Objectives Even though multiple sclerosis (MS) and HIV infection are well-documented conditions in clinical medicine, there is only a single case report of a patient with MS and HIV treated with HIV antiretroviral therapies. In this report, the patient's MS symptoms resolved completely after starting combination antiretroviral therapy and remain subsided for more than 12 years. Authors hypothesised that because the pathogenesis of MS has been linked to human endogenous retroviruses, antiretroviral therapy for HIV may be coincidentally treating or preventing progression of MS. This led researchers from Denmark to conduct an epidemiological study on the incidence of MS in a newly diagnosed HIV population (5018 HIV cases compared with 50 149 controls followed for 31 875 and 393 871 person-years, respectively). The incidence rate ratio for an HIV patient acquiring MS was low at 0.3 (95% CI 0.04 to 2.20) but did not reach statistical significance possibly due to the relatively small numbers in both groups.
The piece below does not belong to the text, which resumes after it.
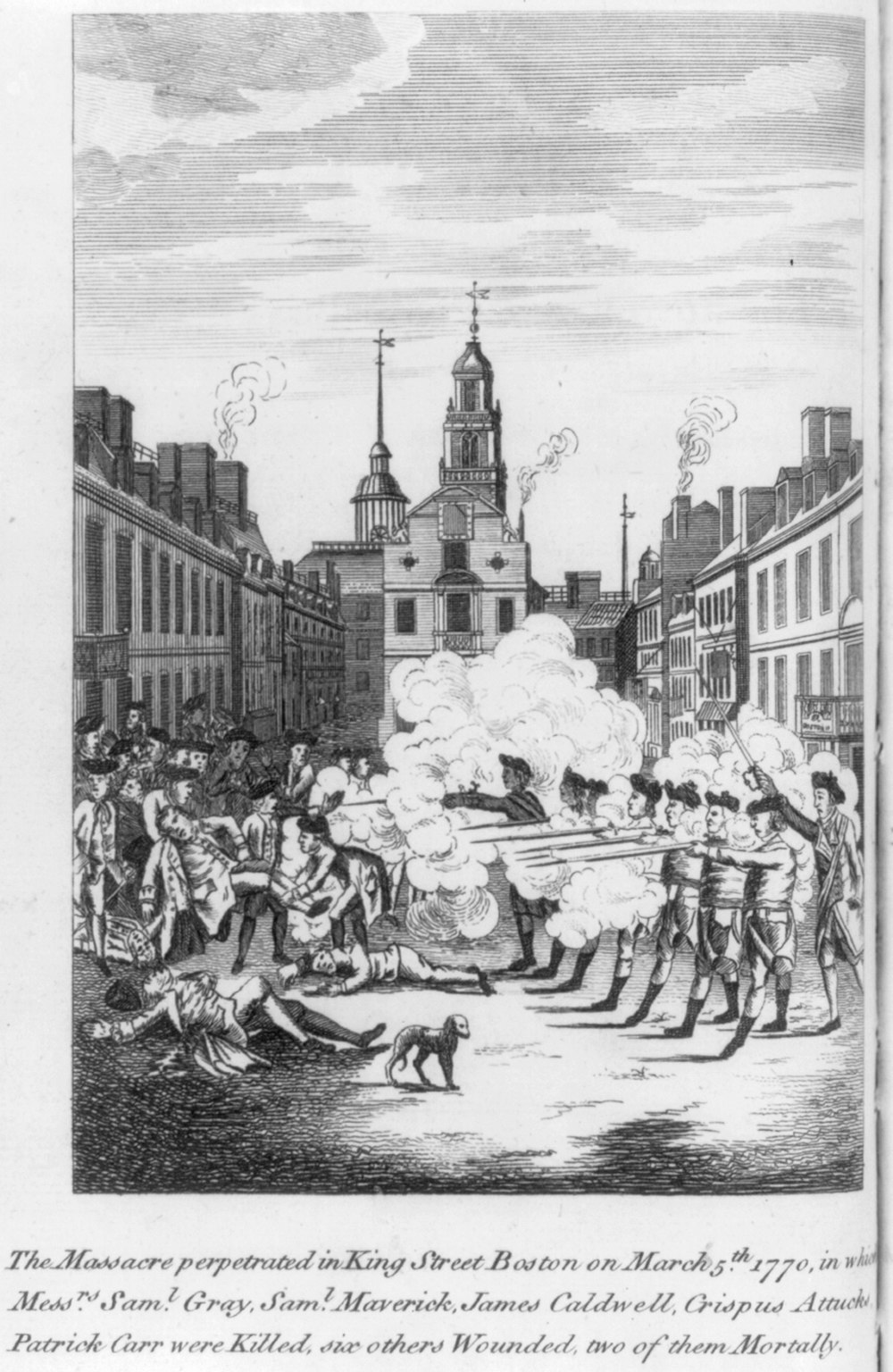 Title: The massacre perpetrated in King Street Boston on March 5th 1770, ... Abstract/medium: 1 print : engraving.

Our study was designed to further investigate the possible association between HIV and MS.

Methods We conducted a comparative cohort study accessing one of the world’s largest linked medical data sets with a cohort of 21 207 HIV-positive patients and 5 298 496 controls stratified by age, sex, year of first hospital admission, region of residence and socioeconomic status and ‘followed up’ by record linkage.

Results Overall, the rate ratio of developing MS in people with HIV, relative to those without HIV, was 0.38 (95% CI 0.15 to 0.79).
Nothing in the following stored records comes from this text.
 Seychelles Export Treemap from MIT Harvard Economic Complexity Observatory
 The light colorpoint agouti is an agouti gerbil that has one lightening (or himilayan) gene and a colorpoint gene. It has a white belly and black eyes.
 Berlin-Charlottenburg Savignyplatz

Conclusions HIV infection is associated with a significantly decreased risk of developing MS. Mechanisms of this observed possibly protective association may include immunosuppression induced by chronic HIV infection and antiretroviral medications.


This report is the largest record linkage study undertaken to investigate a possible association between HIV and MS. Our investigation revealed that having HIV, and presumptively being on HAART, provided a significant and potentially protective effect in relation to the risk of development of MS. The magnitude of this effect (>60%) is at the highest level of any prognostic risk factor investigated to date. Nonetheless, there are inevitable methodological uncertainties in our study design and our findings should be regarded as speculative rather than definitive. We have had to make reasonable assumptions about the likelihood of our exposed HIV cohort being treated with cART during the period of observation. Further consideration may also be warranted on conducting other proof-of-concept studies on using antiretroviral drugs in patients with different types of MS. The first clinical study with Raltegravir in patients with relapsing remitting MS is already recruiting in the UK.20 Further investigation of our finding has the potential, after more than 170 years since MS was first described by Jean-Martin Charcot, to help reveal the aetiology of MS.